▽

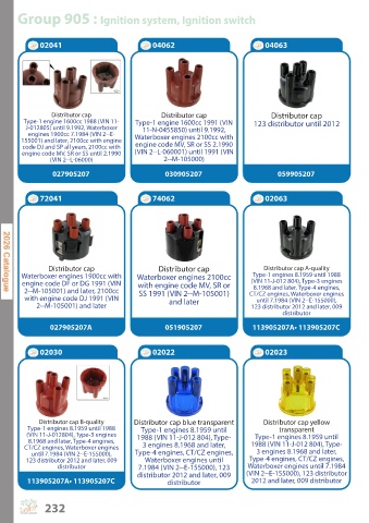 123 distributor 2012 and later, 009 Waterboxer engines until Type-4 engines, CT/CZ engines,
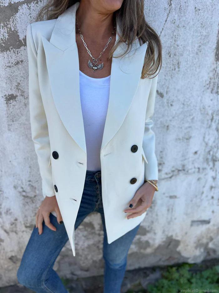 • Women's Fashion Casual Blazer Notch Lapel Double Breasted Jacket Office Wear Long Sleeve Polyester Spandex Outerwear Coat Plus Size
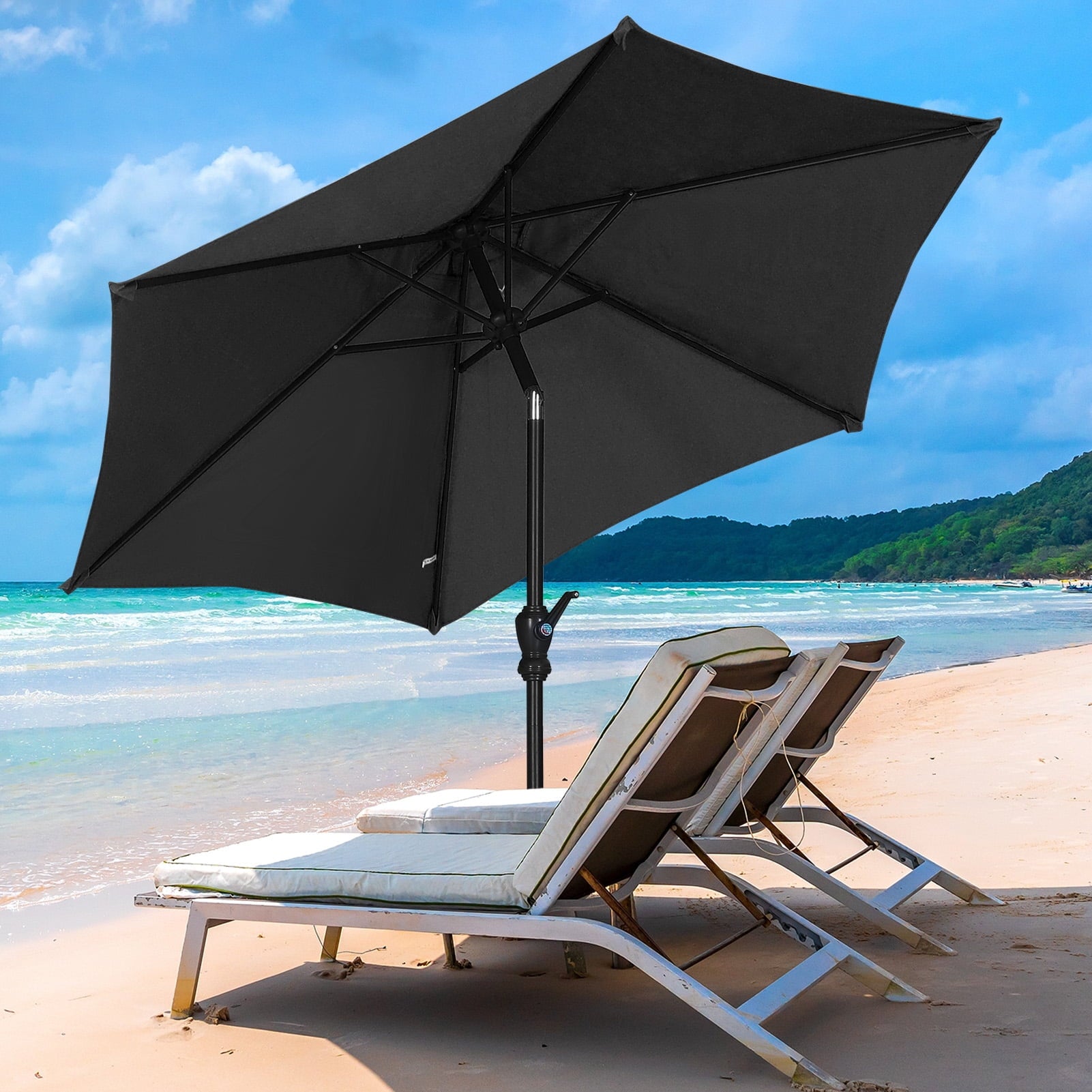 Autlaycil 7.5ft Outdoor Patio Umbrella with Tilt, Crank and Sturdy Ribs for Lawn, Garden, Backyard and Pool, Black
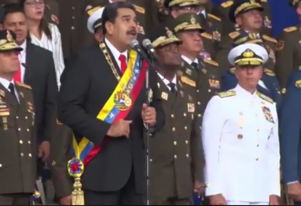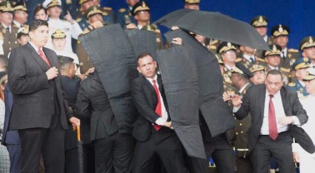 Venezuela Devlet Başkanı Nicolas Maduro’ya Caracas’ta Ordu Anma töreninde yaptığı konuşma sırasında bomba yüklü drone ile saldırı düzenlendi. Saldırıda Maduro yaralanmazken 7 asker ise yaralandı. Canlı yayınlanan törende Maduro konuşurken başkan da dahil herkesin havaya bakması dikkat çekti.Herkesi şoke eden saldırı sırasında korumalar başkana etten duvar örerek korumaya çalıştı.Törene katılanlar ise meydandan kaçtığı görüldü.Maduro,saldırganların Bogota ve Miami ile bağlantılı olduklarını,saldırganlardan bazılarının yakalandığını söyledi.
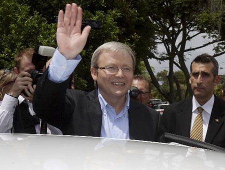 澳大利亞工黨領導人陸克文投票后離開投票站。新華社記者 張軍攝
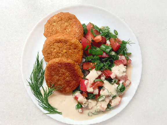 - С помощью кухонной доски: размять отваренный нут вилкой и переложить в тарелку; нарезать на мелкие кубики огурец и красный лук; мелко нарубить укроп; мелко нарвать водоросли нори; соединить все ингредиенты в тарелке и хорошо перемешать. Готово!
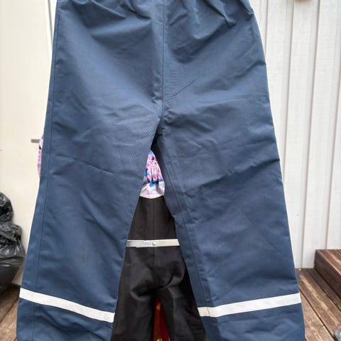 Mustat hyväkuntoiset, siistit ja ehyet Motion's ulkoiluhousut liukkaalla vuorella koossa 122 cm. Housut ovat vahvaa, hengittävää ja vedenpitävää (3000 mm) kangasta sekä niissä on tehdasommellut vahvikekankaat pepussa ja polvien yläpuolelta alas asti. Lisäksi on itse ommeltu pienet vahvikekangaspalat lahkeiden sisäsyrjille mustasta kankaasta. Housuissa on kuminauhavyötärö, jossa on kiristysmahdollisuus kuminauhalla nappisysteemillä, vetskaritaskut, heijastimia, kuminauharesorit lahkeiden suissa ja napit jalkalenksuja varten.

△

- Task objective: Up to and including the line that contains "澳大利亞工黨領導人陸克文投票后離開投票站。新華社記者 張軍攝", print the records above exactly from their first line, without any pictures.

- Response to this task:
 123 distributor 2012 and later, 009 Waterboxer engines until Type-4 engines, CT/CZ engines,
 • Women's Fashion Casual Blazer Notch Lapel Double Breasted Jacket Office Wear Long Sleeve Polyester Spandex Outerwear Coat Plus Size
 Autlaycil 7.5ft Outdoor Patio Umbrella with Tilt, Crank and Sturdy Ribs for Lawn, Garden, Backyard and Pool, Black
 Venezuela Devlet Başkanı Nicolas Maduro’ya Caracas’ta Ordu Anma töreninde yaptığı konuşma sırasında bomba yüklü drone ile saldırı düzenlendi. Saldırıda Maduro yaralanmazken 7 asker ise yaralandı. Canlı yayınlanan törende Maduro konuşurken başkan da dahil herkesin havaya bakması dikkat çekti.Herkesi şoke eden saldırı sırasında korumalar başkana etten duvar örerek korumaya çalıştı.Törene katılanlar ise meydandan kaçtığı görüldü.Maduro,saldırganların Bogota ve Miami ile bağlantılı olduklarını,saldırganlardan bazılarının yakalandığını söyledi.
 澳大利亞工黨領導人陸克文投票后離開投票站。新華社記者 張軍攝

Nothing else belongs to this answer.